Plot the simulated data to visualize any patterns.

# generate a colored plot of treatment and control group
plot(d$W, d$Y,
     col = c("#00BBFF33", "#FF330033")[factor(fuzz)], 
     pch= 20, 
     cex = 2,
     xlim = c(offset-2, offset+2),
     ylim = c(offset-3, offset+7),
     xlab = "Base Score",
     ylab = "Final Score")

# add a dashed vertical line at cutoff
abline(v = offset, lty = 2)
abline(h = 100, lty = 2)

Estimate the regression discontinuity.

# estimate the Fuzzy RDD
data <- rdd_data(d$Y, d$W, 
                 cutpoint = offset,
                 z = d$treatProb)

frdd_mod <- rdd_reg_lm(rdd_object = data, 
                       slope = "same")
frdd_mod
## ### RDD regression: parametric ###
##  Polynomial order:  1 
##  Slopes:  same 
##  Number of obs: 1000 (left: 521, right: 479)
## 
##  Coefficient:
##   Estimate Std. Error t value  Pr(>|t|)    
## D  2.85667    0.11277  25.331 < 2.2e-16 ***
## ---
## Signif. codes:  0 '***' 0.001 '**' 0.01 '*' 0.05 '.' 0.1 ' ' 1

Plot the estimated fuzzy regression discontinuity regression model.
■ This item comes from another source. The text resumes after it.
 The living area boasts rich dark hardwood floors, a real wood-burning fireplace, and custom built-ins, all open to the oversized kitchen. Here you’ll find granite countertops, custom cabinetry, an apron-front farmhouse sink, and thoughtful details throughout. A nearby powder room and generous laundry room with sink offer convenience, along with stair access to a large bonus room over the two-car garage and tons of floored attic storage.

# plot estimated FRDD function
plot(frdd_mod, 
     cex = 1, 
     lwd = 0.4,
     xlim = c(offset-2, offset+2),
     ylim = c(offset-3, offset+7),
     xlab = "Base Score",
     ylab = "Final Score")

# add a dashed vertical line at cutoff
abline(v = offset, lty = 2)

Conclusions

The application of bonus points leads to an increase in the overall score by about 2 points which is a significant result at \(\alpha = 0.05\). Student scoring \(\geq 95\) that do not apply the bonus points are called ‘no-shows’ as they have the opportunity for treatment but avoid receiving the treatment by choice or some other circumstances.
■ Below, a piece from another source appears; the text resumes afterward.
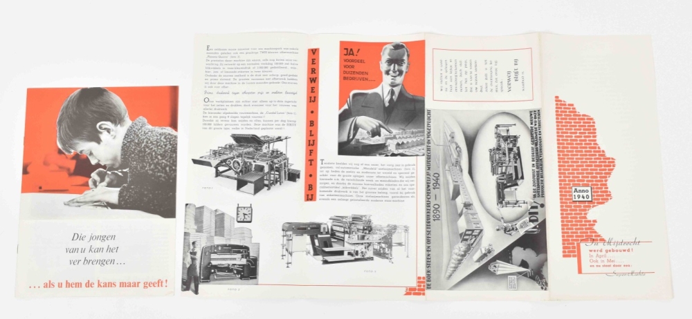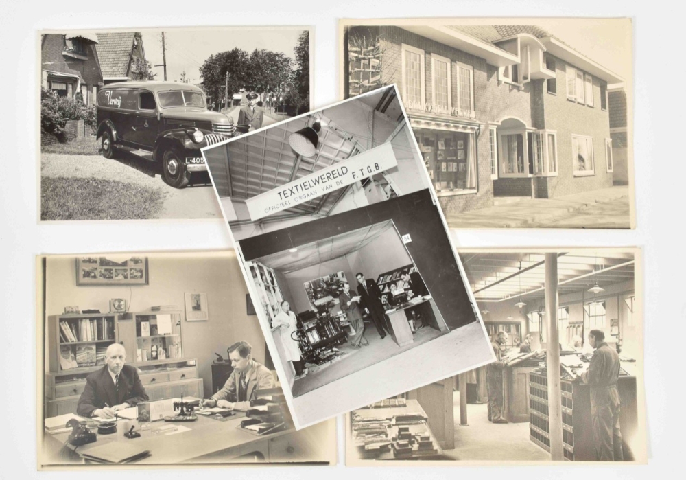 Contains: circa 150 photos of workplaces, offices, company trips 1930s-1950s; ca. 15 glass photo negatives, circa 50 leaflets, booklets, samples and promotional material, mid. 20th century.

One student received an automatic invitation to be considered for a prestigious data science internship due to their final score in excess of 100 total points.

Review of Intended Learning Objectives

How do you feel about your ability to:

  • Identify a research scenario that would be appropriate for a regression discontinuity analysis? When would that be applicable?

  • Conduct a regression discontinuity analysis and draw appropriate conclusions?

  • Are you comfortable with these methods?